Eine Klinik, die im Status quo für sich beurteilen kann, in welchen Leistungsgruppen bzw. -bereichen sie eine strukturrelevante Rolle für die Versorgung einnimmt, kann das Heft des Handelns ex-ante in die Hand nehmen, um eine existenzsichernde Strategie zu entwickeln, bevor Dritte in einer ex-post Betrachtung über die Ausgestaltung und Zukunft einer Einrichtung durch eine Krankenhausstrukturreform (-bereinigung) entscheiden.

 Folgende Fragestellung sind zur Beurteilung relevant:

  1. Auf welche Klinikstandorte konzentrieren sich die Behandlungsfälle in einer ausgewählten Versorgungsregion?
  2. Welche Krankenhäuser werden gemäß neuer Planungsindikatoren als nicht mehr strukturrelevant gelten?
  3. In welchen Versorgungsregionen herrscht eine Unter- oder Überversorgung nach Leistungsbereichen?
  4. Welche Konsequenzen resultieren aus einer zukünftigen Krankenhausplanung für die Medizinstrategie eines Krankenhauses?
  5. Welche Szenarien entsprechen dem Worst-, Best- oder Real-Case?

Bettenorientierte vs.

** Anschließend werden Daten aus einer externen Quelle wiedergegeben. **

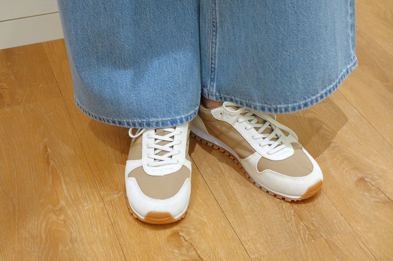 シューズには、ベージュとオフホワイトのバイカラーで、どんなファッションにも合わせやすい「コンビネーションスニーカー」をチョイス。軽量でクッション性もあり、さらに屈曲性も良いので、長時間の移動でも活躍しそうです。
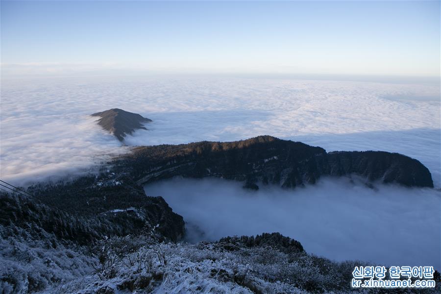 12월 28일, 쓰촨(四川)성 어메이산(峨眉山) 진딩(金頂)에서 촬영한 풍경. 은빛으로 단장된 한겨울의 어메이산이 선경처럼 아름다웠다. [촬영/ 신화사 기자 리멍신(李夢馨)]

Leistungsorientiere Planung

Jedes theoretische Modell beinhaltet diverse Limitationen und so verhält es sich auch für die Entwürfe zur zukünftigen Krankenhausplanung. Zumindest in der Theorie scheinen die Vorteile der leistungsorientierten Planung gegenüber der bislang geltenden bettenorientierten Systematik zu überwiegen. Die skalierbare Granularität der Planungsdimensionen, die aktive Leistungssteuerung sowie die besonders relevante Berücksichtigung ambulanter Potenziale sprechen für die leistungsorientierte Planung gegenüber des geringen Detailgrades, des fehlenden Leistungsbezuges und der mangelnden Transparenz der bettenorientierten Planung. Lediglich die zunehmende Komplexität aufgrund der skalierbaren Granularität führt zu einem höheren Anforderungsbedarf auf Seiten der Planungsbehörden und ist damit von Nachteil.

Unabhängig davon welche Systematik in den einzelnen Bundesländern gilt (oder gelten soll) zeigt die eingangs formulierte Diskrepanz in gesundheitsökonomische Gesamtrechnung zu den Gesundheitseinnahmen und -ausgaben sehr ungeschminkt, dass sich die stationäre Versorgungslandschaft verändern wird.